Your Savings Rate Will Determine Your Financial Success

Harry decided it was finally time to lose the extra 10 lbs he’d been carrying around since his kids were born. So he went to his local gym and hired a personal trainer. 

Harry religiously met with Jill, his trainer, for 6 weeks. He did everything she told him, including his routine on the days he didn’t see her. He initially lost a couple pounds, but soon gained it back. Frustrated, he confronted Jill. 

She agreed that he was working his butt off in the gym. “But,” she asked, “what’s your diet like?”

Harry then went on to describe the muffins he eats for breakfast, and the burritos he eats for lunch, and the cookie (or two) he eats when a coworker brings some into the office. And don’t forget the pizza every Sunday night.

Jill explained that losing weight is 80% diet, and only 20% exercise. Without eating right, Harry could spend 24 hours a day in the gym and not lose a single lb. 

Last week, we explored one of the universal truths about behavioral finance (the study of why people do the wrong thing even when they know what the right thing to do is). If you missed it, you can find it here.

This week is related. 

A Universal Truth: Your Savings Rate Will Determine Your Financial Success

How much you save is your diet. Your portfolio returns is your exercise.    

You can’t possibly lose weight by only going to the gym.
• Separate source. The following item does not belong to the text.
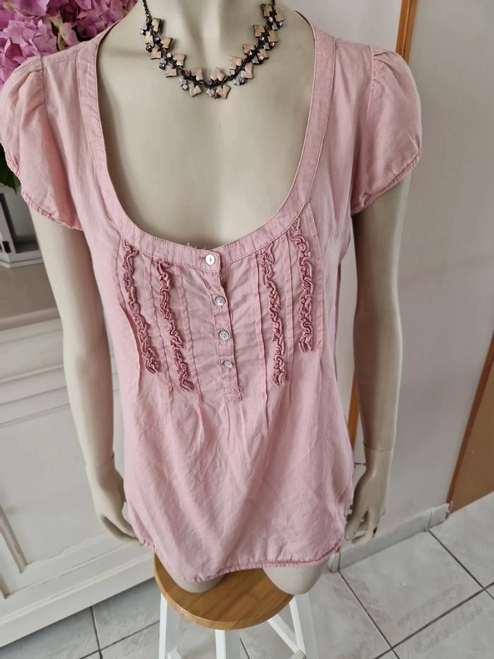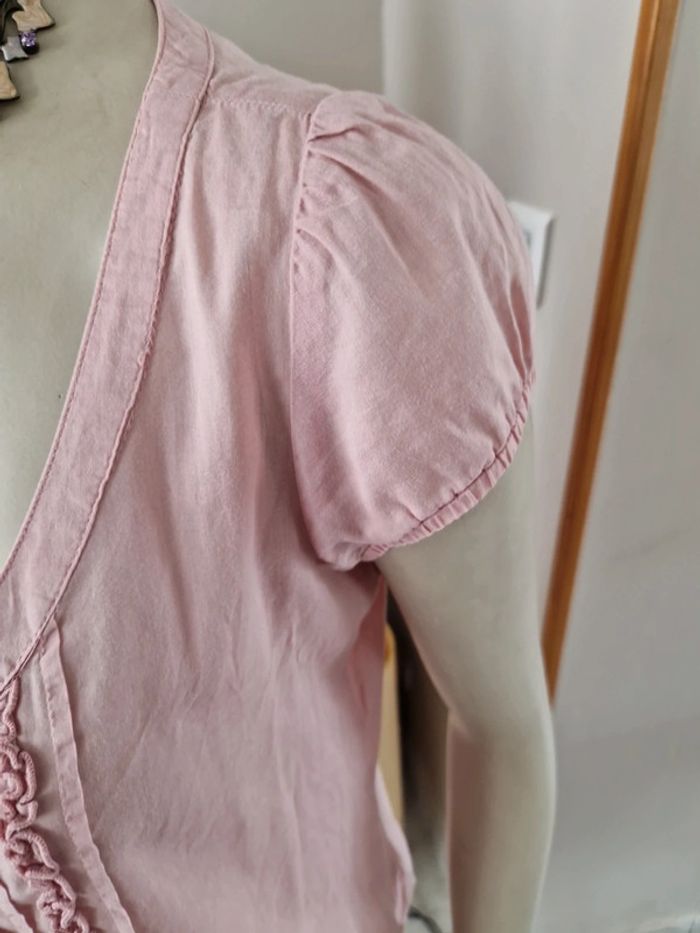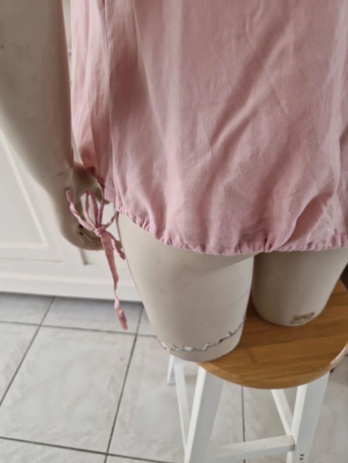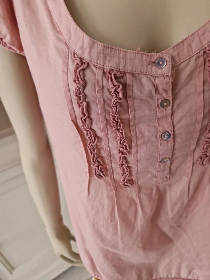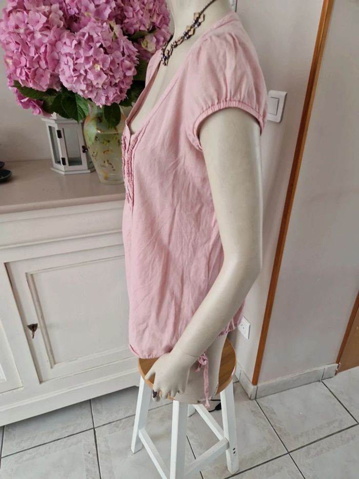 Jolie blouse de couleurs vieux rose avec des manches courtes. Rangée de boutons nacrés bordé de fronces sur les côtés. Lien de serrage en bas de la blouse. Se porte serré ou lâche. 100% coton. #ellaben_blousesfemmes #ellaben_articleszara

You have to eat right too.

In fact, if you want to lose weight, you don’t even have to go to the gym. You can just eat right.

Similarly, it’s possible to invest all your money in low-yielding CD’s. As long as you are saving enough, you could still enjoy a fulfilling retirement.

Alternatively, you could get 20% annual returns, and if you’re not saving enough you’ll be eating cat food in your kid’s basement when you retire. 

Focusing on how much you save means you’re free to spend whatever you want with all your other money. If you are saving (and not going into debt), then you know you are living within your means.

So what’s a good savings rate? 

20% of your annual income is ideal. 
15% is okay. 
10% means you’re sacrificing tomorrow for today. 
5%? Better pick out your favorite cat food.

A 20% savings rate is your “maintenance diet” if you’re at your perfect weight. 

But are you at your perfect “financial weight?” In other words, how much should you have already saved?

According to the personal finance classic The Millionaire Next Door, your current savings should equal 10% x your age x your income. So if you’re 50 years old and make $100k per year, you should have $500,000 (10% x 50 x 100,000).

If you hate math like most people, here’s a cheat sheet:

If you’re below your number, then you need to save more than 20%.  If you’re above your number, then you’ve got some wiggle room.

If you’re really far from your number, come talk to me before you freak out.

The advantage of working with a financial planner is not having to use rules of thumb. I’ve got all sorts of levers we can pull to get you caught up. 

That said, there are no silver bullets. Historically, market returns average 8-10% annually. And that’s not something you can increase, which is why it only determines 20% of your financial success. 

The other 80% is how much you’re saving. 

I can tell you how to exercise and eat right, but at the end of the day you’re the one getting on the treadmill and putting food in your mouth.